EXERCISE INSTRUCTIONS:
In the entries below, find the line with "393 Second issue, Shilling, mm." and the line with "Figure 3b. Postoperative view of neck."; copy them and every line between them exactly, but not the pictures.

INPUT FOR THIS TASK:

—————

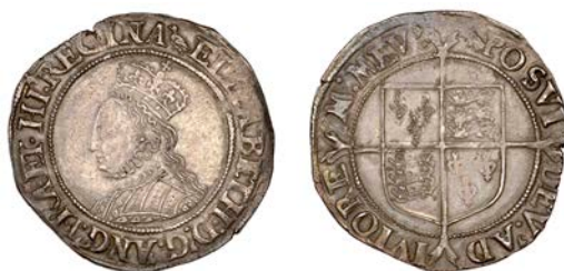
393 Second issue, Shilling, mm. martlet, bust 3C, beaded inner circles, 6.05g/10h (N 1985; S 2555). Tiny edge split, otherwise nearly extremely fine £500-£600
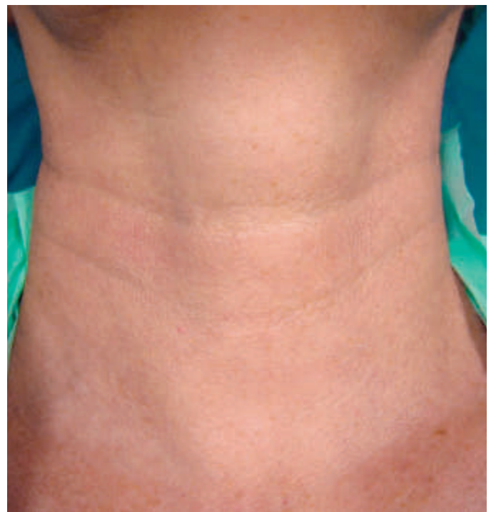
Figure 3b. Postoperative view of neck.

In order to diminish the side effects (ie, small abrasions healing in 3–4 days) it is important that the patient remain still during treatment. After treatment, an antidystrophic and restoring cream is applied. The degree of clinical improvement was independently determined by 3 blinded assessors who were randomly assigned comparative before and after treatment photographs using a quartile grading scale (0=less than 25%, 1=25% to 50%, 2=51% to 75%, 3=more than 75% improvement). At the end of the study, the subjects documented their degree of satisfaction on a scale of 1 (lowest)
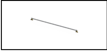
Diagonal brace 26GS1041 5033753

—————

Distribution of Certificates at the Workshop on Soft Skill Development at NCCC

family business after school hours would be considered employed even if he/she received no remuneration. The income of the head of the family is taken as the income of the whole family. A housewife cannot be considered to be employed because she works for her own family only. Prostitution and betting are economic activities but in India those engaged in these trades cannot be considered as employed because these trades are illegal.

—————

OUTPUT FOR THIS TASK:
393 Second issue, Shilling, mm. martlet, bust 3C, beaded inner circles, 6.05g/10h (N 1985; S 2555). Tiny edge split, otherwise nearly extremely fine £500-£600
Figure 3b. Postoperative view of neck.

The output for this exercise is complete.